_What is expected_
For this exercise, retype the lines from the one that holds "There are a" through the one that holds "這是2022年2月11日拍攝" in the records below, both included, exactly and without pictures.

_Dataset extract_

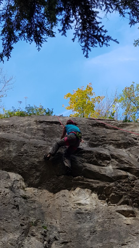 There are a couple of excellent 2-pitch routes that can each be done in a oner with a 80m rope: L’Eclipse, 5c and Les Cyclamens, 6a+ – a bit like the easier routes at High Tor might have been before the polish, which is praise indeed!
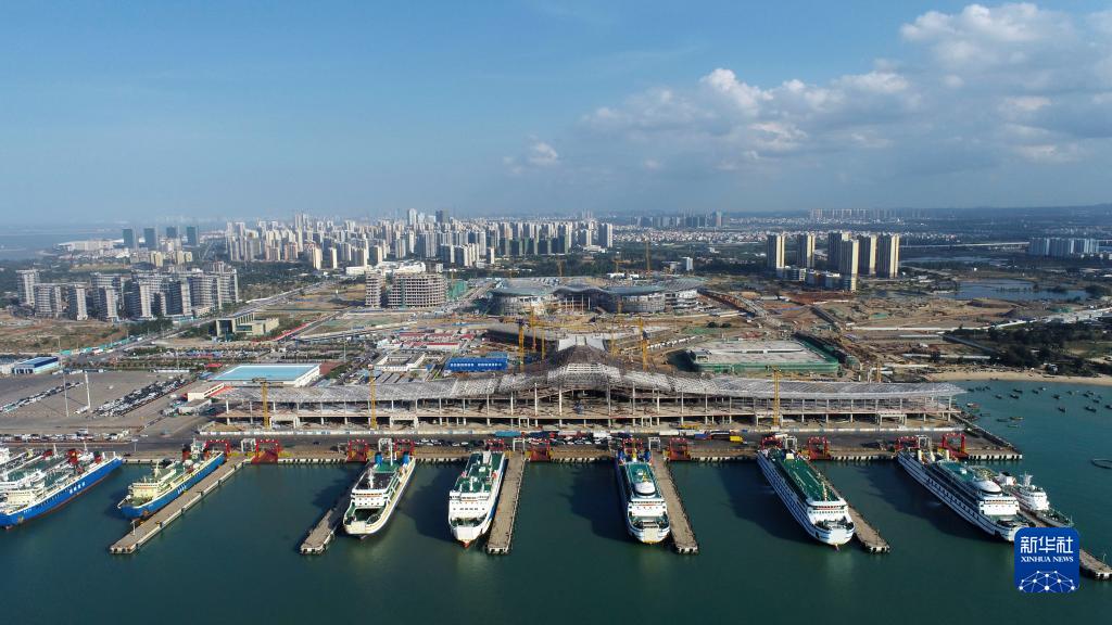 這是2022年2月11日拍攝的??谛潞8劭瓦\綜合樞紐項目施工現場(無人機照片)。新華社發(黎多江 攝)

--

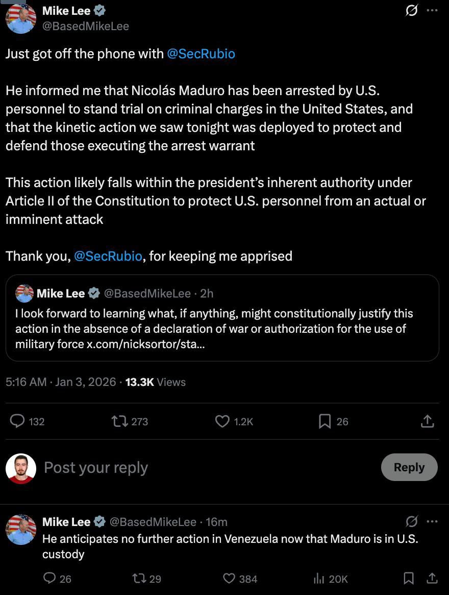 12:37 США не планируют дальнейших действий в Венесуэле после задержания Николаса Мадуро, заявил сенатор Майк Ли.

_Problem solution_
 There are a couple of excellent 2-pitch routes that can each be done in a oner with a 80m rope: L’Eclipse, 5c and Les Cyclamens, 6a+ – a bit like the easier routes at High Tor might have been before the polish, which is praise indeed!
 這是2022年2月11日拍攝的??谛潞8劭瓦\綜合樞紐項目施工現場(無人機照片)。新華社發(黎多江 攝)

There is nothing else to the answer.